* _Entries provided_
-- Opening Marker --

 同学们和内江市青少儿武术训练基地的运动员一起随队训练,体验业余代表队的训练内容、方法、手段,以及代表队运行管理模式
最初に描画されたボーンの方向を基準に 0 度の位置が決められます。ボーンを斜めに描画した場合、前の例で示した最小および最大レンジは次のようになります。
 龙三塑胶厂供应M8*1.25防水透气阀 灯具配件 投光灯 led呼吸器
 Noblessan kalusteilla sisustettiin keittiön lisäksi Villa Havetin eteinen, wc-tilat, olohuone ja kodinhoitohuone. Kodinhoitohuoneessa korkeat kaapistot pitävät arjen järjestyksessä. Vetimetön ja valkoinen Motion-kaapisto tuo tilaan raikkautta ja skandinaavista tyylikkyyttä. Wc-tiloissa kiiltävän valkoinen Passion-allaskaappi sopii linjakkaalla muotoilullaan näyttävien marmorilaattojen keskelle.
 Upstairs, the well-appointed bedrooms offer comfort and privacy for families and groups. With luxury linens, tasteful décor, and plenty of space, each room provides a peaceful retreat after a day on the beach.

-- Closing Marker --
-- Opening Marker --

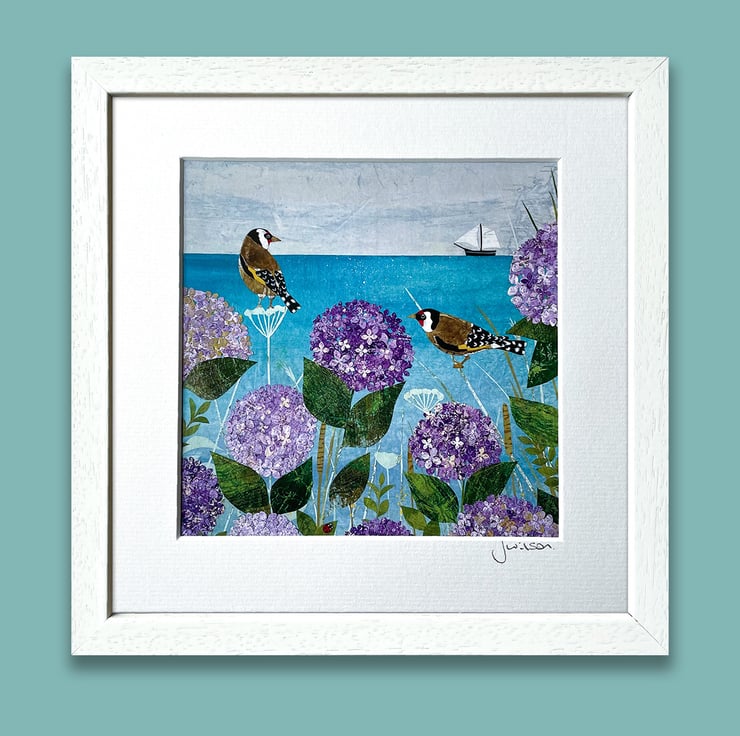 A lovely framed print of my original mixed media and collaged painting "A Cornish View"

-- Closing Marker --

* _Task instructions_
Reprint exactly the lines above that start at the one with "龙三塑胶厂供应M8*1.25防水透气阀 灯具配件 投光灯 led呼吸器" and end at the one with "Noblessan kalusteilla sisustettiin", keeping both and adding none.

* _Written reply_
 龙三塑胶厂供应M8*1.25防水透气阀 灯具配件 投光灯 led呼吸器
 Noblessan kalusteilla sisustettiin keittiön lisäksi Villa Havetin eteinen, wc-tilat, olohuone ja kodinhoitohuone. Kodinhoitohuoneessa korkeat kaapistot pitävät arjen järjestyksessä. Vetimetön ja valkoinen Motion-kaapisto tuo tilaan raikkautta ja skandinaavista tyylikkyyttä. Wc-tiloissa kiiltävän valkoinen Passion-allaskaappi sopii linjakkaalla muotoilullaan näyttävien marmorilaattojen keskelle.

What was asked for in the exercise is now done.